=== PROBLEM DESCRIPTION ===
Retype the listing exactly. Leave out the images.
● ● ● ● ● ● ●
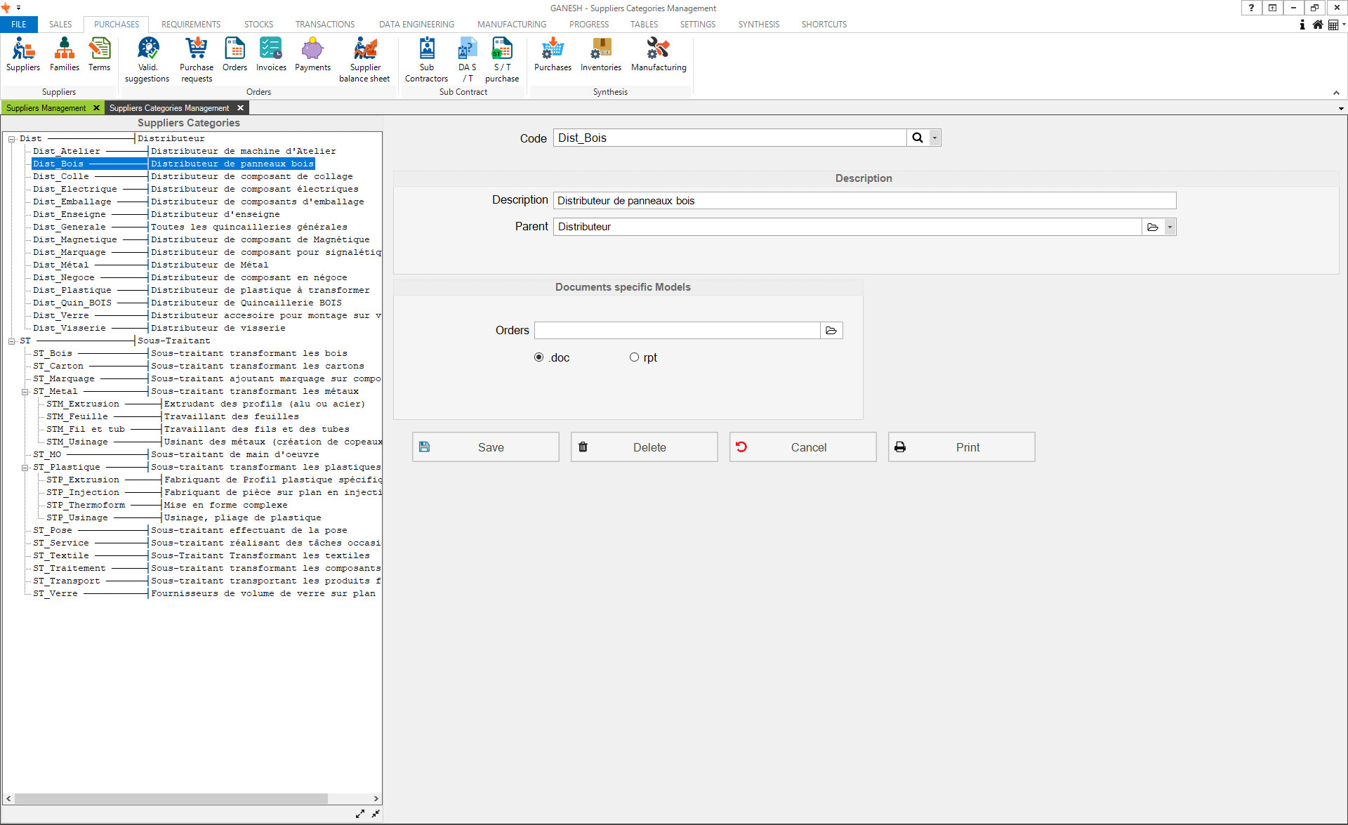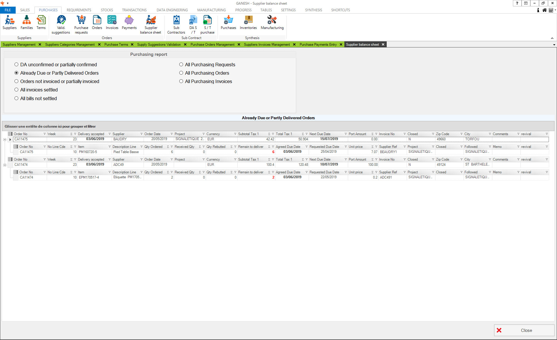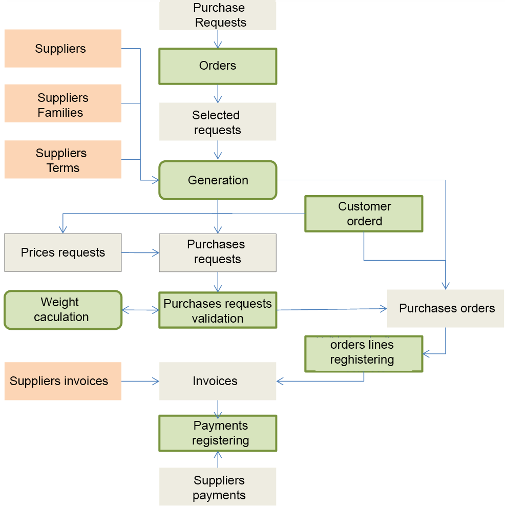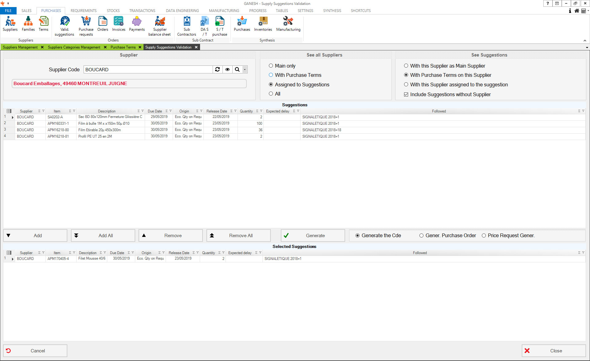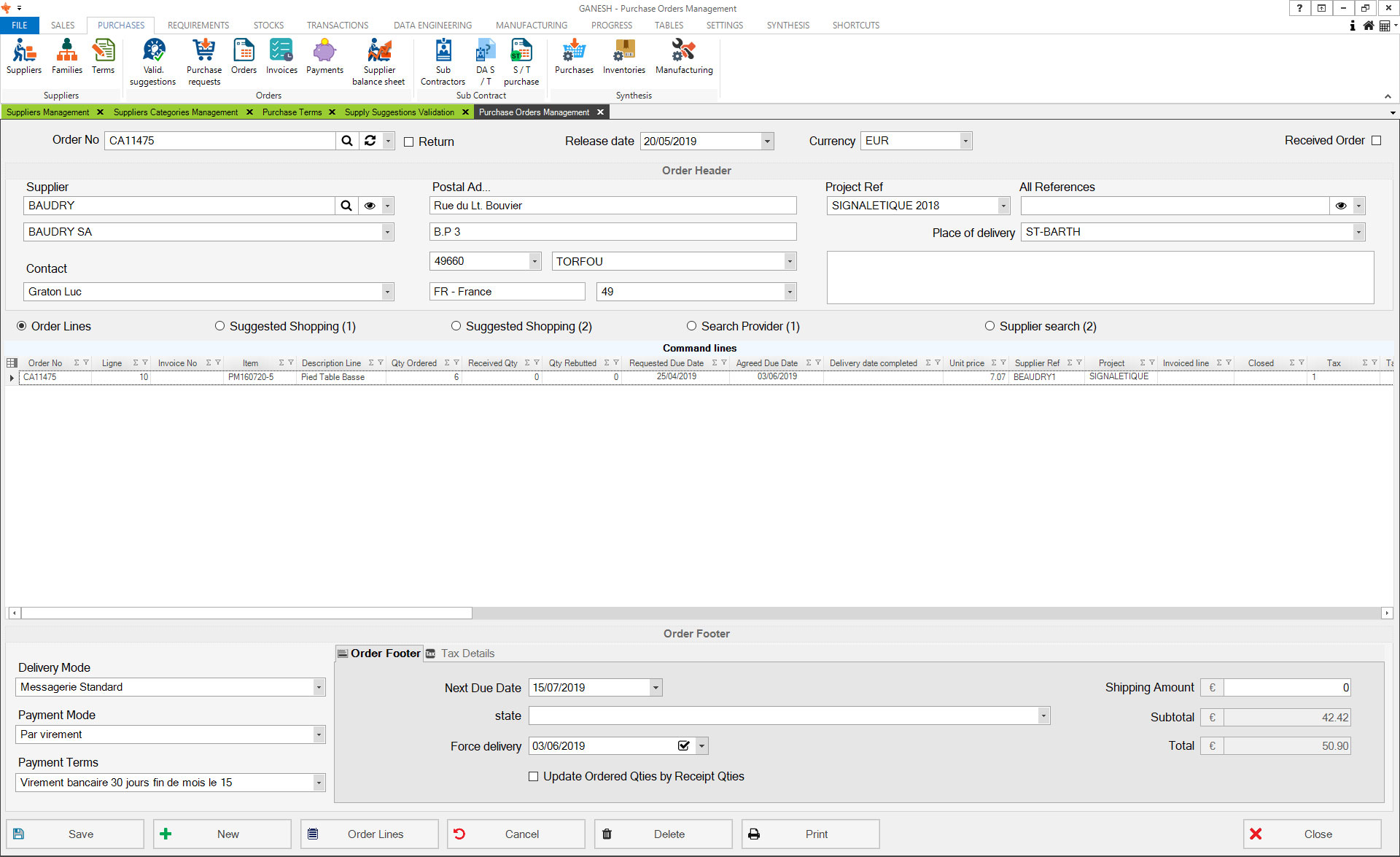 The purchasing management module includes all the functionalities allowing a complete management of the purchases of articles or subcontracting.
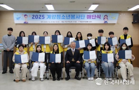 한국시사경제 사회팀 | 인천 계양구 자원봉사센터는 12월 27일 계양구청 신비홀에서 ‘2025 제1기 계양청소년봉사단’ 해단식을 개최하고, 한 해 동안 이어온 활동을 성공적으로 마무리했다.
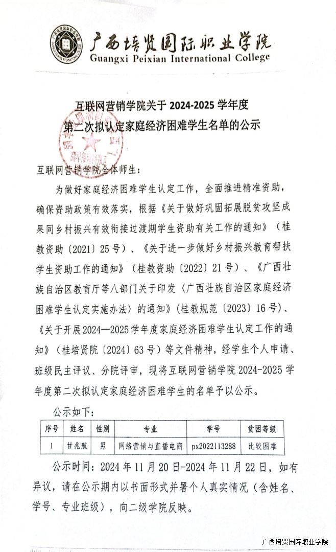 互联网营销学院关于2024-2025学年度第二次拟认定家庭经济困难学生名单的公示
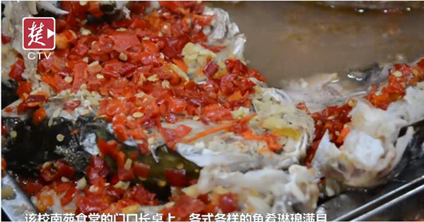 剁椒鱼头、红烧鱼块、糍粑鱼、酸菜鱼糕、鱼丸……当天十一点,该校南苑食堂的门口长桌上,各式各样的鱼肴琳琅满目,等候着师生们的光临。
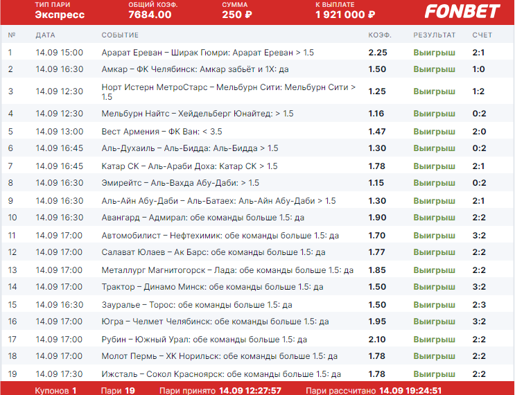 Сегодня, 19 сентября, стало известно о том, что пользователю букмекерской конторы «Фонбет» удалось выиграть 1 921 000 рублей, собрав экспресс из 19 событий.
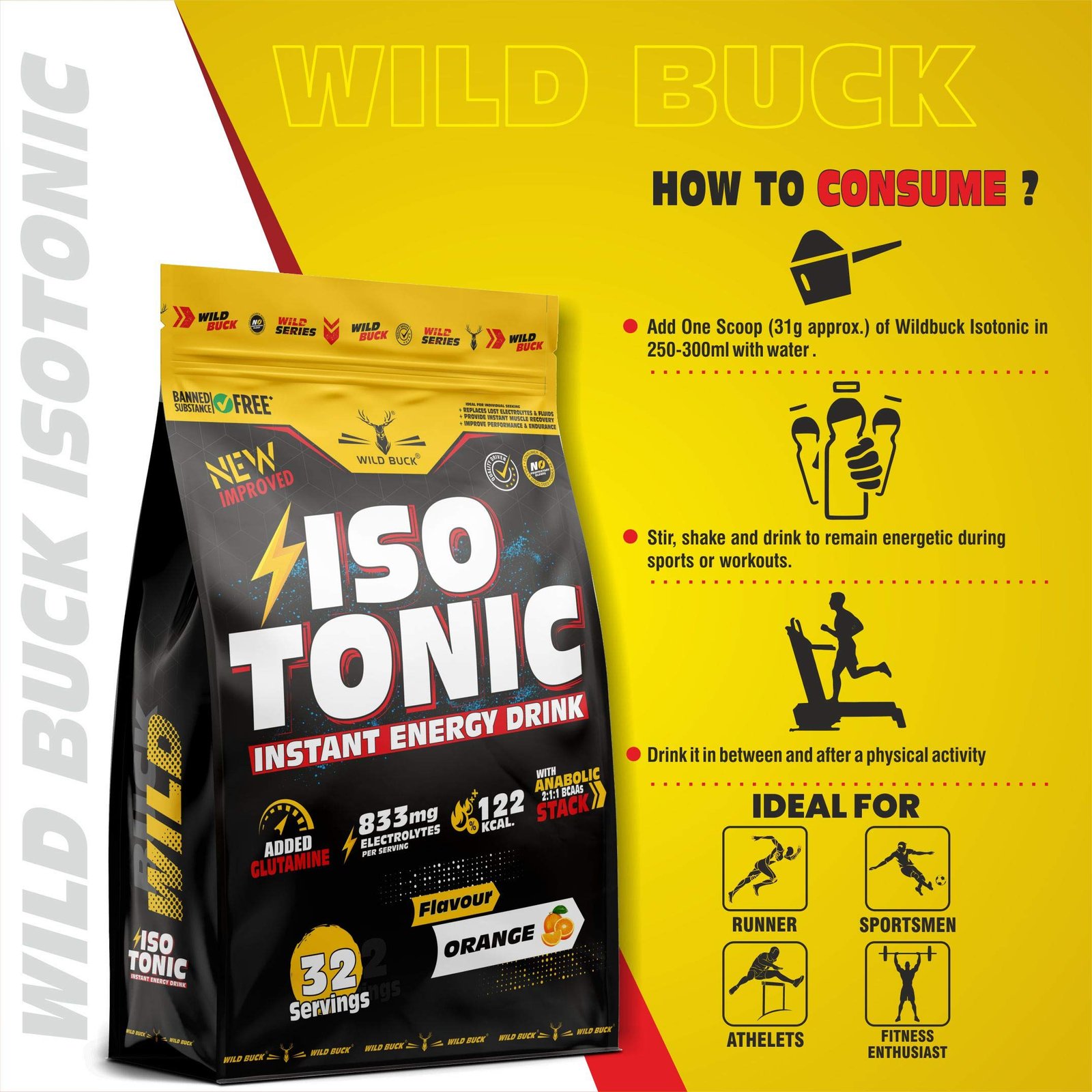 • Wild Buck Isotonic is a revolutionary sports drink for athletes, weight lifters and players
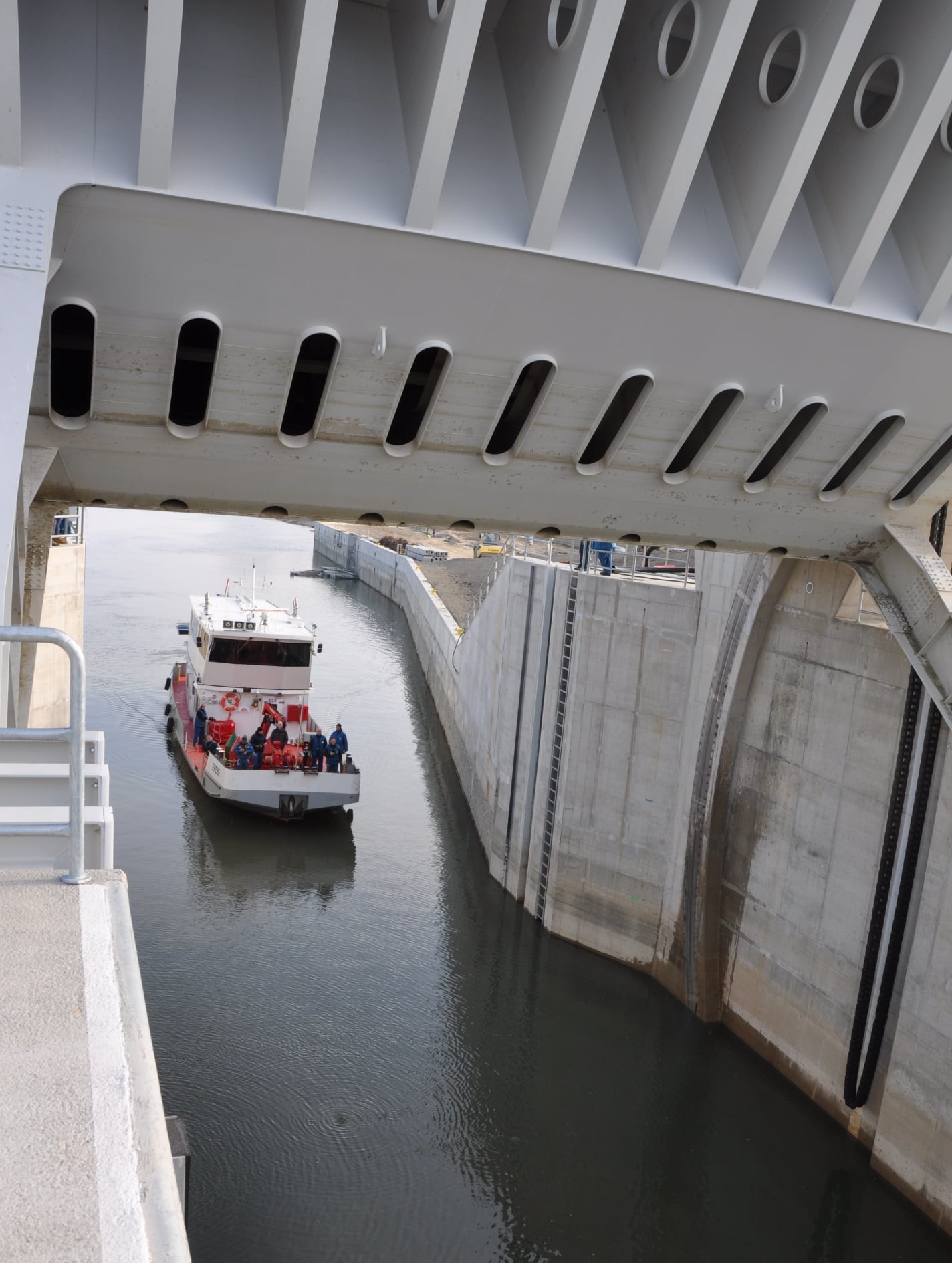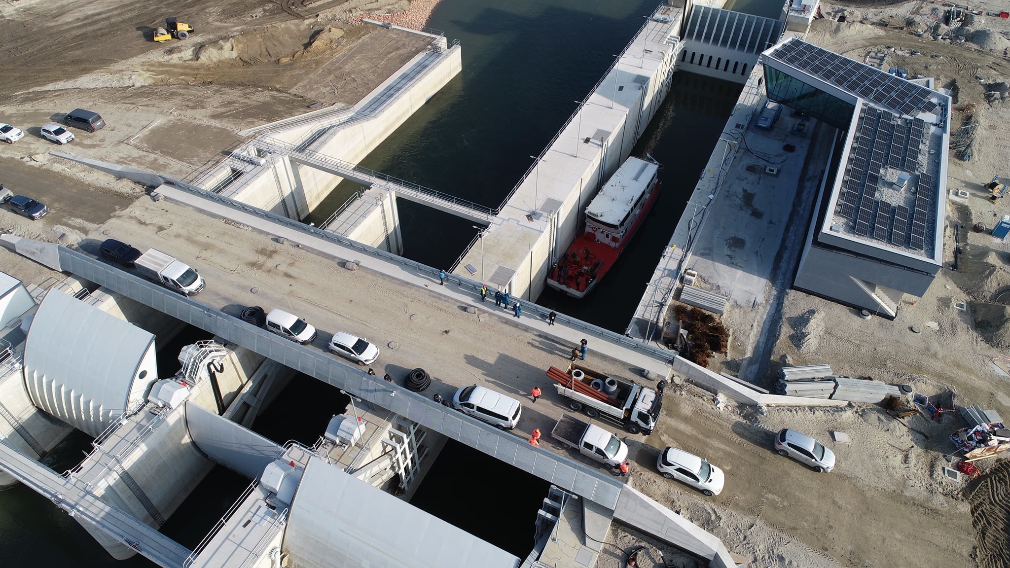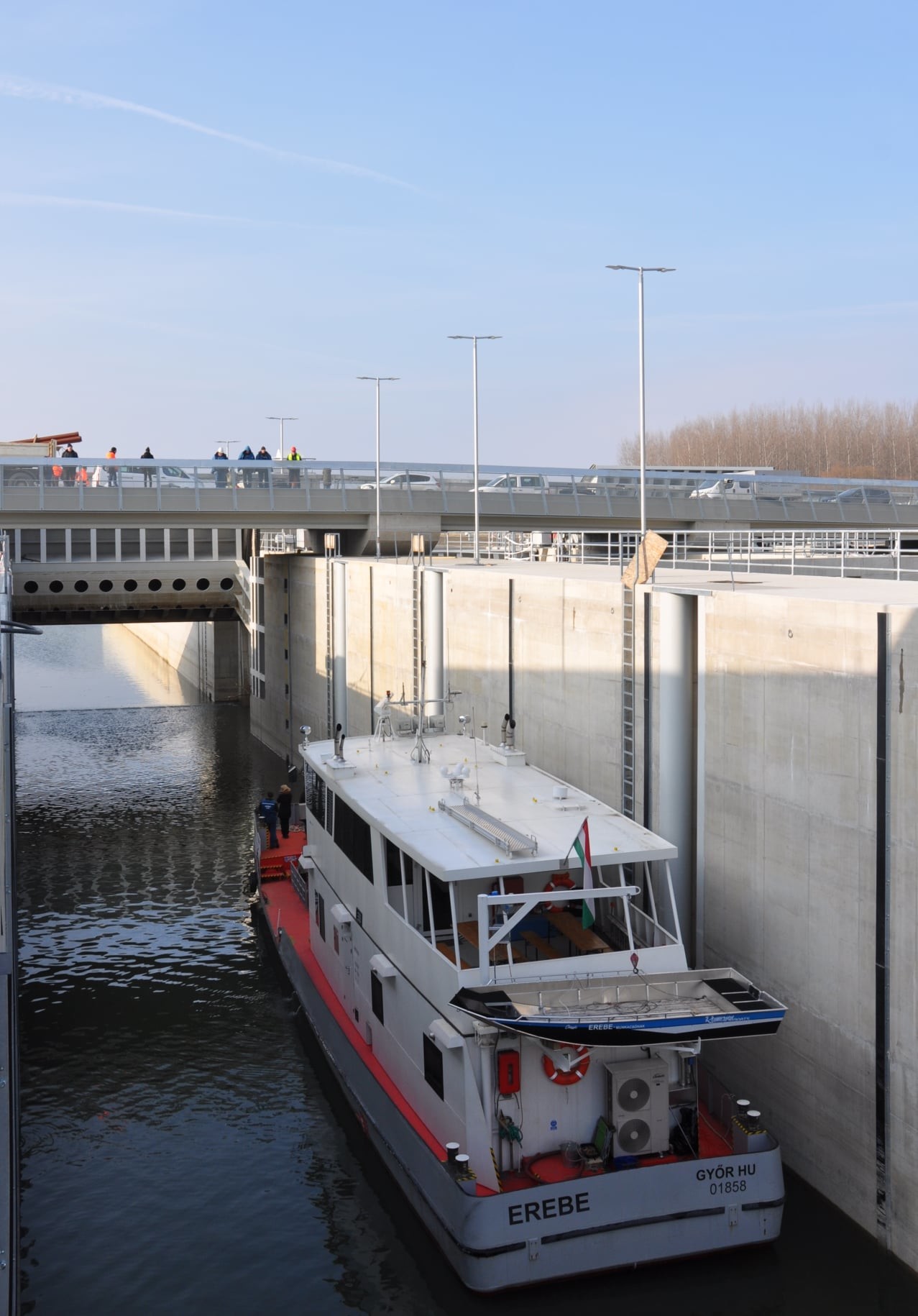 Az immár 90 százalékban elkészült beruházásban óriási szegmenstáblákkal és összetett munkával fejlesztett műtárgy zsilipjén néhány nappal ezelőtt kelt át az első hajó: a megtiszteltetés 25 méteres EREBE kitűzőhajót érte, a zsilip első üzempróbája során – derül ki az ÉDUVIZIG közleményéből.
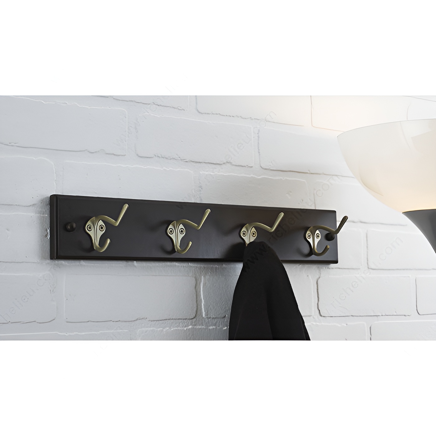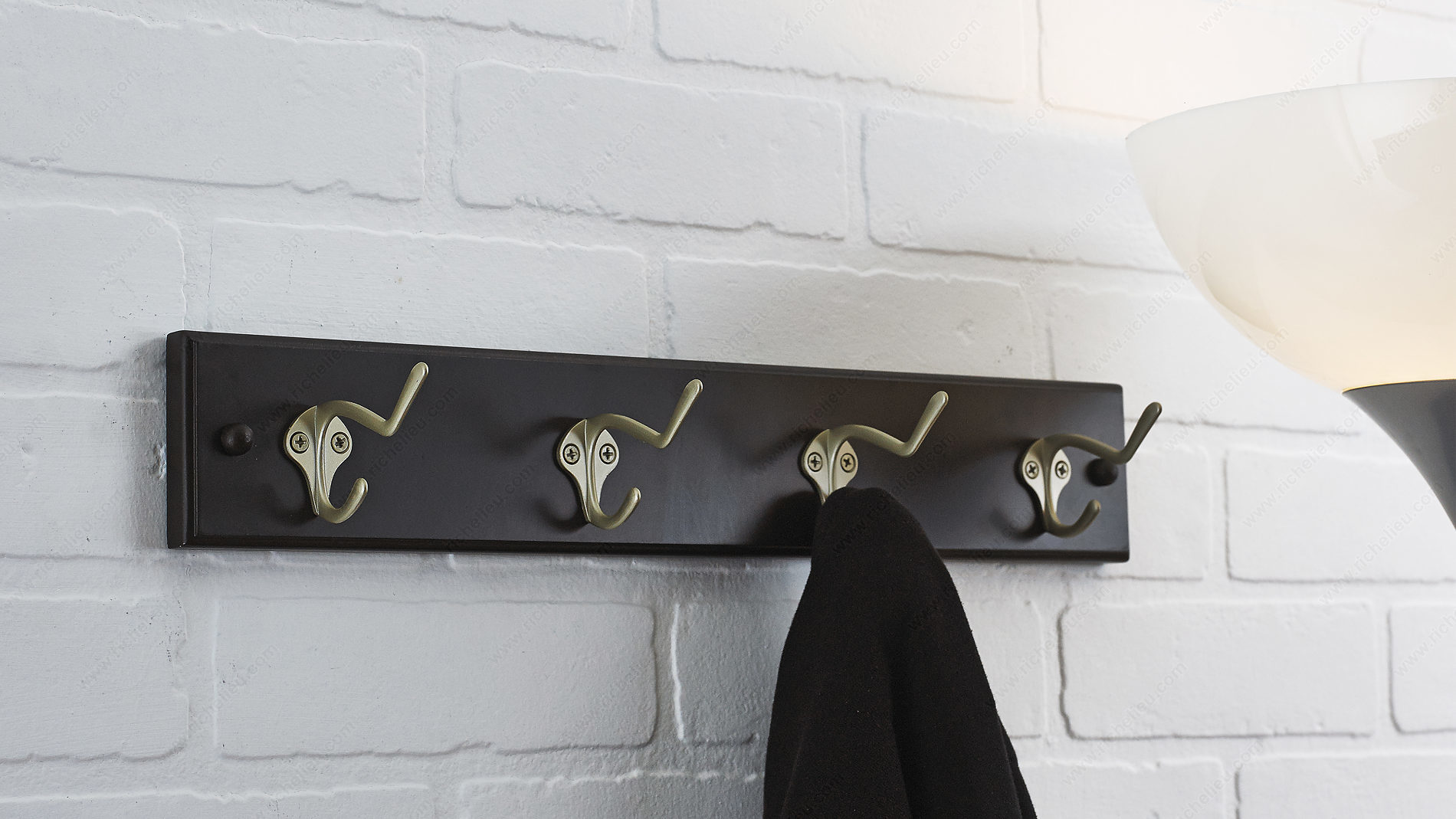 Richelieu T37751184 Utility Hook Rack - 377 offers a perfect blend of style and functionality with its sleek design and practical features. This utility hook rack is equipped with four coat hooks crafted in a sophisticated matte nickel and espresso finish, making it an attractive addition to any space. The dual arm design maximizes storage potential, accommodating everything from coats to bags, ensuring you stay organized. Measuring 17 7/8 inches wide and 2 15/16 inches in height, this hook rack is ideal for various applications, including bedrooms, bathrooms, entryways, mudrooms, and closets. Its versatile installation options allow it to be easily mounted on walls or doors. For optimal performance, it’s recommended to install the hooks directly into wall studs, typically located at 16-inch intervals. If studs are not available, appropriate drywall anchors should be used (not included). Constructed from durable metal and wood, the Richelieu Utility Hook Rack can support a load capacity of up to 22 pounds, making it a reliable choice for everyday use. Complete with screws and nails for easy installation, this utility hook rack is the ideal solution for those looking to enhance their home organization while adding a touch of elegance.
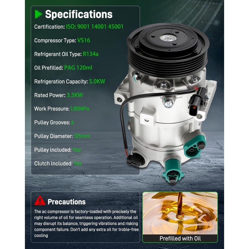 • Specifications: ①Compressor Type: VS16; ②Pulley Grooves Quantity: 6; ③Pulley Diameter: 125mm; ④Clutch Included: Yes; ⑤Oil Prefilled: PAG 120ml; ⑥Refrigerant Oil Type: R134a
● ● ● ● ● ● ●
=== ANSWER SPACE ===
 The purchasing management module includes all the functionalities allowing a complete management of the purchases of articles or subcontracting.
 한국시사경제 사회팀 | 인천 계양구 자원봉사센터는 12월 27일 계양구청 신비홀에서 ‘2025 제1기 계양청소년봉사단’ 해단식을 개최하고, 한 해 동안 이어온 활동을 성공적으로 마무리했다.
 互联网营销学院关于2024-2025学年度第二次拟认定家庭经济困难学生名单的公示
 剁椒鱼头、红烧鱼块、糍粑鱼、酸菜鱼糕、鱼丸……当天十一点,该校南苑食堂的门口长桌上,各式各样的鱼肴琳琅满目,等候着师生们的光临。
 Сегодня, 19 сентября, стало известно о том, что пользователю букмекерской конторы «Фонбет» удалось выиграть 1 921 000 рублей, собрав экспресс из 19 событий.
 • Wild Buck Isotonic is a revolutionary sports drink for athletes, weight lifters and players
 Az immár 90 százalékban elkészült beruházásban óriási szegmenstáblákkal és összetett munkával fejlesztett műtárgy zsilipjén néhány nappal ezelőtt kelt át az első hajó: a megtiszteltetés 25 méteres EREBE kitűzőhajót érte, a zsilip első üzempróbája során – derül ki az ÉDUVIZIG közleményéből.
 Richelieu T37751184 Utility Hook Rack - 377 offers a perfect blend of style and functionality with its sleek design and practical features. This utility hook rack is equipped with four coat hooks crafted in a sophisticated matte nickel and espresso finish, making it an attractive addition to any space. The dual arm design maximizes storage potential, accommodating everything from coats to bags, ensuring you stay organized. Measuring 17 7/8 inches wide and 2 15/16 inches in height, this hook rack is ideal for various applications, including bedrooms, bathrooms, entryways, mudrooms, and closets. Its versatile installation options allow it to be easily mounted on walls or doors. For optimal performance, it’s recommended to install the hooks directly into wall studs, typically located at 16-inch intervals. If studs are not available, appropriate drywall anchors should be used (not included). Constructed from durable metal and wood, the Richelieu Utility Hook Rack can support a load capacity of up to 22 pounds, making it a reliable choice for everyday use. Complete with screws and nails for easy installation, this utility hook rack is the ideal solution for those looking to enhance their home organization while adding a touch of elegance.
 • Specifications: ①Compressor Type: VS16; ②Pulley Grooves Quantity: 6; ③Pulley Diameter: 125mm; ④Clutch Included: Yes; ⑤Oil Prefilled: PAG 120ml; ⑥Refrigerant Oil Type: R134a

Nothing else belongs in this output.